We introduce an iterative multivariate variance least squares estimation (IVLS) for the estimation of the vector of parameters \(\mathbf {\theta } \). The objective function to minimize is \(VLS=trace(\Xi -\mathbf {U}-\mathbf {D})^{2}\), with \(\Xi _{|mkp\times mkp}\) the empirical model covariance matrix. The algorithm is based on alternating least squares in a two-step iterative optimization process. At every iteration, the IVLS procedure first fixes \(\mathbf {U}\) and the solves for \(\mathbf {D}\), and then it fixes \(\mathbf {D}\) and solves for \(\mathbf {U}\). Since the LS solution is unique, at each step the VLS function can either decrease or stay unchanged but never increase. Alternating between the two steps iteratively guarantees convergence only to a local minimum, because it ultimately depends on the initial values for \(\mathbf {U}\). Being \(\Xi \) the matrix of the multivariate OLS cross-products of residuals, the VLS iterations are given by the following steps: (a) starting from the separate subject (group)-specific empirical covariance matrices \(\mathbf {U}_{ri}\), first minimize VLS to obtain the estimate of the random-effects covariance \(\mathbf {D}\), then (b), given the matrix \(\mathbf {\widehat{B}}_{GLS}\)%, minimize VLS, setting the same error covariance matrix among the subjects, and (c), iterate (a) and (b), until convergence to the minimum. The number of iterations may vary, depending on the choice of the specific model variance structure for the random effects and error covariance matrices.
Applications of the predPCA may be related to different types of available data, and then may accommodate a variety of patterned covariance matrices. Further, groups can be dependent or independent, even in space, time, and space-time correlated data.
The IVLS estimator at each step is unbiased, as discussed in the following Lemma:
Lemma
(Unbiasedness of the IVLS estimator) Under the balanced p -variate variance components MANOVA model \(\mathbf {Y}^{*}=\mathbf {Z}\mathbf {A}+\mathbf {E}\), with \(\mathbf {Z}\) the design matrix of random effects, \(\mathbf {E}\) the matrix of errors, and covariance matrix \(\mathbf {D}+\mathbf {U}\), \(\mathbf {D}=(\mathbf {I}\otimes \mathbf {Z})cov[vec(\mathbf {A})](\mathbf {I}\otimes \mathbf {Z}^{\prime })\), \(\mathbf {U}=cov[vec(\mathbf {E})]\), and known matrix \(\mathbf {U}\), for the IVLS estimator of the parameters \(\mathbf {\theta } \) in \(\mathbf {D}\) we have \(E[\mathbf {D}=\mathbf {D}(\mathbf {\widehat{\theta }}_{IVLS})]=\mathbf {D}\mathbf {(\theta )}.\)

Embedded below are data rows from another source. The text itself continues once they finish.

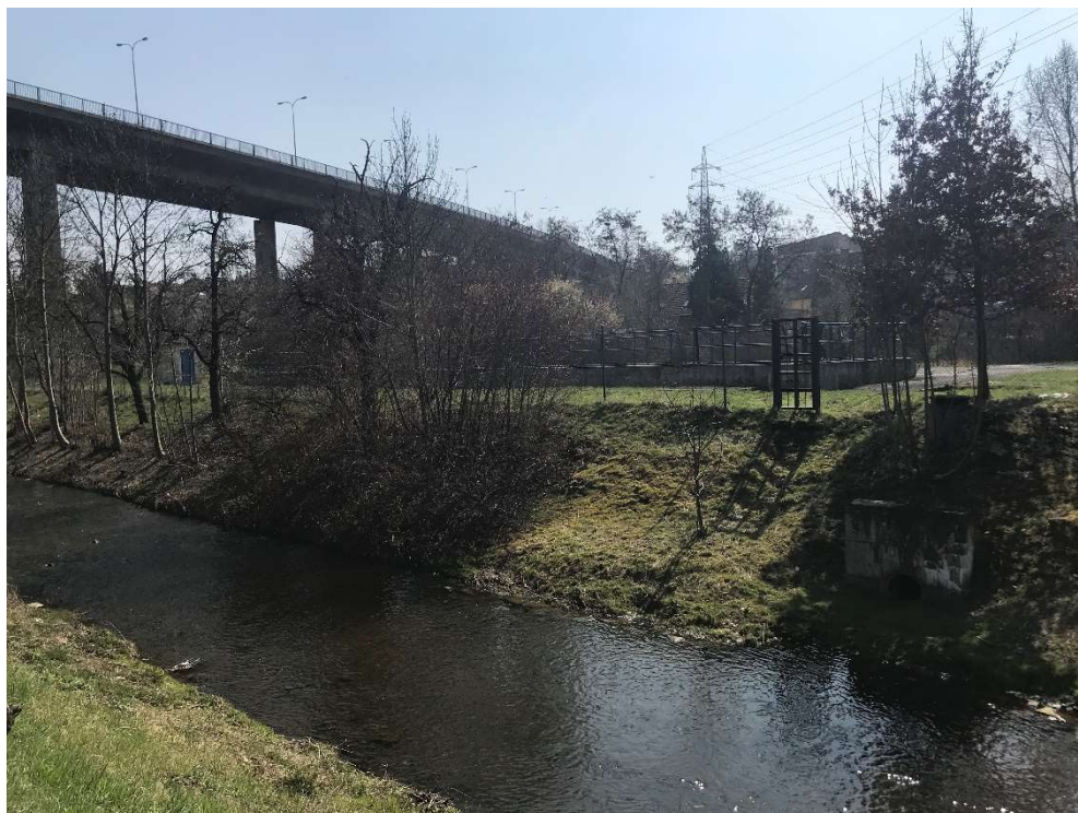
Obrázek 3 – Oplocený objekt PVK, a.s.
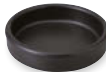
585-105-602 1,750円 E 耐熱黒14cmバル (14×2.9) 949310260
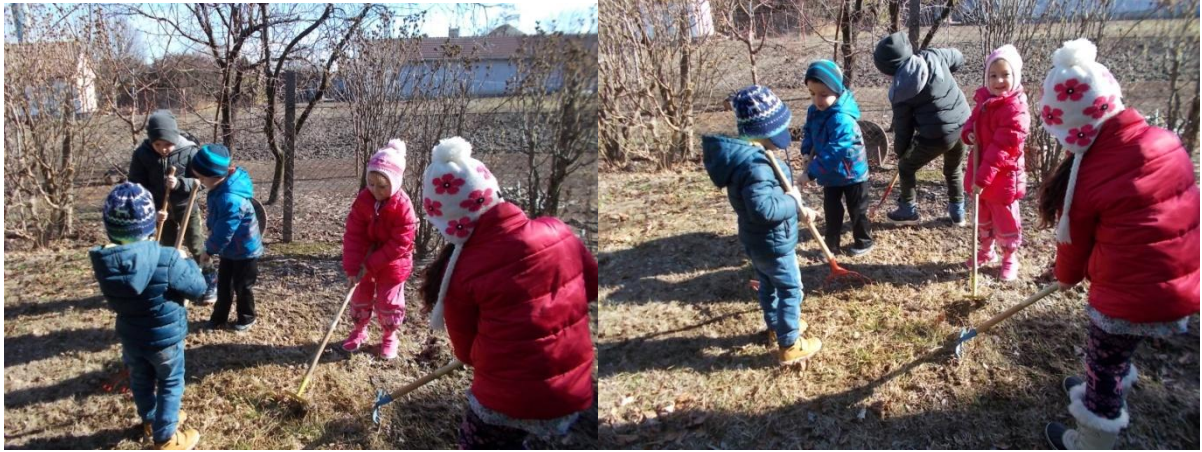
Munkára is neveljük a gyerekeket
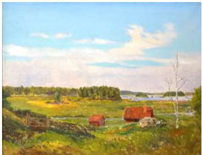
Edvard Jangö, Forneby, utsikt mot Storsjön , olja 1937, 34 x 40 cm resp. olja 1958, 62 x 80 cm
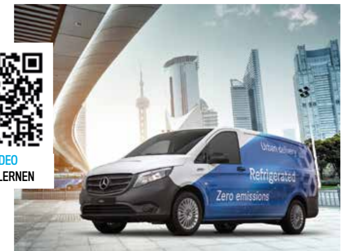
Die e-CoolJet 106-Kühlmaschine ist an der Stelle des Ersatzrades installiert, um die Gesamthöhe und Aerodynamik zu erhalten.
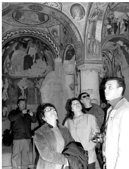
Aplūkojot kalnu pilsētiņu no ārpusē, ir grūti iedomāties, ka iekšienē slēpjas arī šādas freskām izrotātas baznīcas.

braucu. Otrs pasmaidīs, piebremzēs un ar smaidu palaidīs,
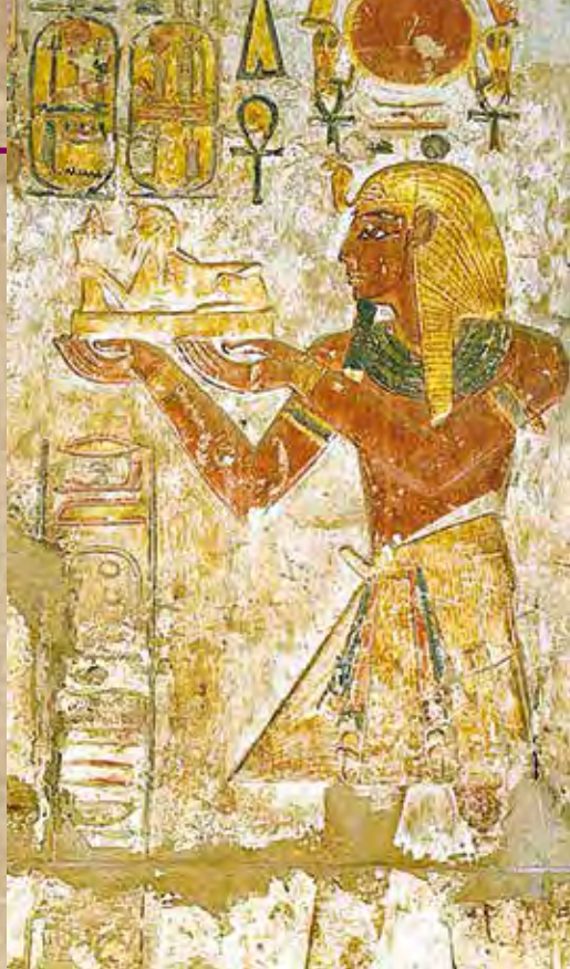
III. Ramszesz fáraót ábrázoló dombormű, melyen a fáraó egy szfinxet ajánl fel (Karnak)

szerepe ugyanis a terhes nők megsegítése és az újszülöttek védelmezése lett. Hathor istennővel is azonosították, és ebben a minőségében saját szentélllyel rendelkezett a karnaki Amon-Ré-templom körzetében. Népszerűségét jól mutatja, hogy a fáraókor egész története során nagy számban kerülnek elő figurái az amulettek között, voltak alakjában megformált kis edénykéek kenőcsök vagy anyatej számára is, de bútorokon is szívesen ábrázolták alakját.
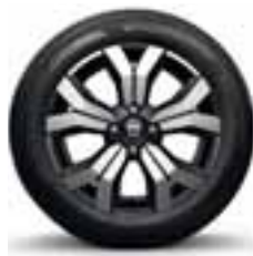
ALUMINIJUMSKI NAPLACI 41 CM (16") STEPWAY MAHALIA
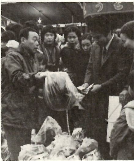
にぎわう「だるま市」(昨年)

高年齢者技能コーナー 職業相談 一月十日、十七日、二十四日、三十一日の各火曜日、午前九時から午後三時まで。相談場所は、東京電力前橋サービスセンター(千代田町四丁目一一二二、電話31
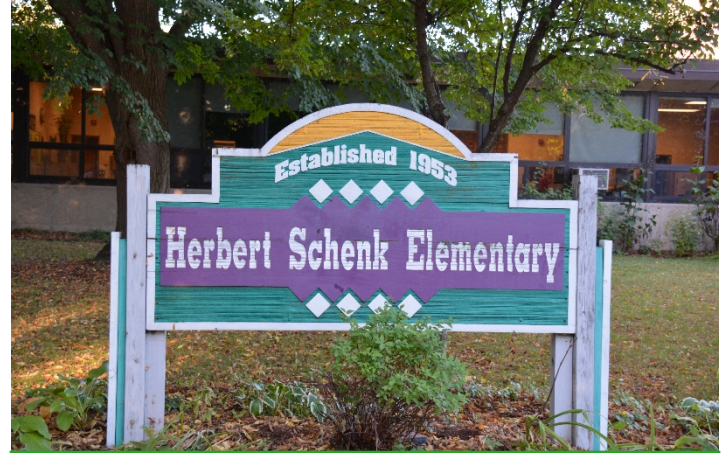
Directora: Susan Abplanalp
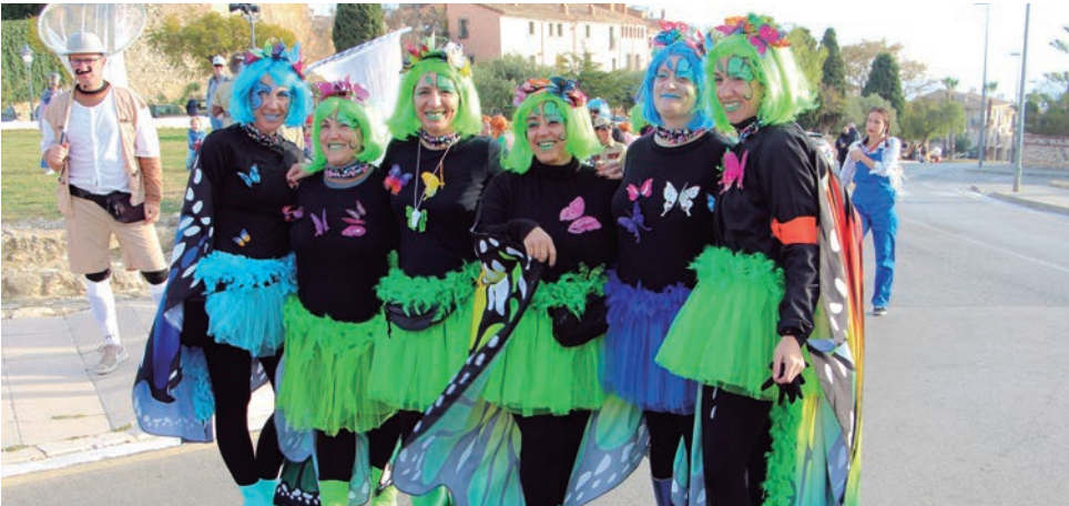
Els “Caçadors de papallones”, de la comparsa La unión hace la juega.
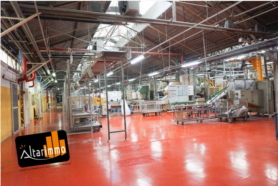
Atelier de production
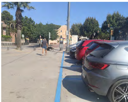
Les zones blaves entren en funcionament el 9 de setembre.

L'Hort de la Rectoria passa a ser considerat estacionament d'alta rotació per facilitar l'accés a la zona comercial.

The proof is given in Appendix 2.
Finally, a SVD of the matrix \(\widetilde{\mathbf {Y}}\) from the p-dimensional \(\widetilde{\mathbf {y}}\) vector is obtained, in order to give a PC decomposition of the subject data involved by the linear model. The predPC are generated by the eigenvalue-eigenvector decomposition of the covariance matrix of the predicted data, i.e., \((\widetilde{\mathbf {Y}} - \mathbf {XB}(\widehat{\mathbf {\theta }}))^{\prime }(\widetilde{\mathbf {Y}} - \mathbf {XB}(\widehat{\mathbf {\theta }}))\).
3 An Application to Some Well-Being Indicators
The introduced predPCA is applied here for the analysis of some Equitable and Sustainable Well-being indicators (BES), annually provided by the Italian Statistical Institute [16].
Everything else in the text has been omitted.